At this stage, the input is just a sequence of characters:
- Letters
- Spaces
- Punctuation
- Unicode symbols
2. Text Normalization
Some systems standardize the text before further processing.
Examples include:
- Converting line endings
- Normalizing Unicode characters
- Standardizing quotation marks
- Removing unusual whitespace
“Hello world”
May become:
"Hello world"
3. Tokenization
The text is split into smaller units called tokens.

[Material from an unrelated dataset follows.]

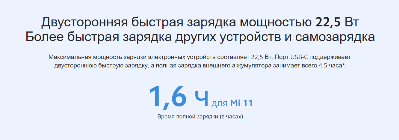 Максимальная мощность зарядки электронных устройств составляет 22,5 Вт. Порт USB-C поддерживает двустороннюю быструю зарядку, а полная зарядка внешнего аккумулятора занимает всего 4,5 часа.

Tokens are not always complete words.
"The cat sat on the mat."
↓
["The", " cat", " sat", " on", " the", " mat", "."]
Rare or complex words may be split into subword pieces:
"unbelievable"
↓
["un", "believ", "able"]
4. Token IDs
Each token is converted into an integer ID.
"The" → 523
" cat" → 9812
The sentence becomes a sequence of numbers:
[523, 9812, 4410, 299, 262, 7819, 13]
5. Embeddings
Token IDs are converted into vectors called embeddings.
523 →
[0.12, -0.88, 1.44, ...]
These vectors encode learned relationships between words, concepts, grammar, and usage patterns.
6. Positional Encoding
Transformers do not naturally understand sequence order, so positional information is added.
"dog bites man"
"man bites dog"
Positional encoding helps the model distinguish between these.
7. Transformer Processing
The embeddings pass through multiple transformer layers.
Inside each layer:
- Tokens exchange information
- Context is accumulated
- Relationships are learned
8. Attention Mechanism
Attention allows tokens to determine which other tokens matter most for interpretation.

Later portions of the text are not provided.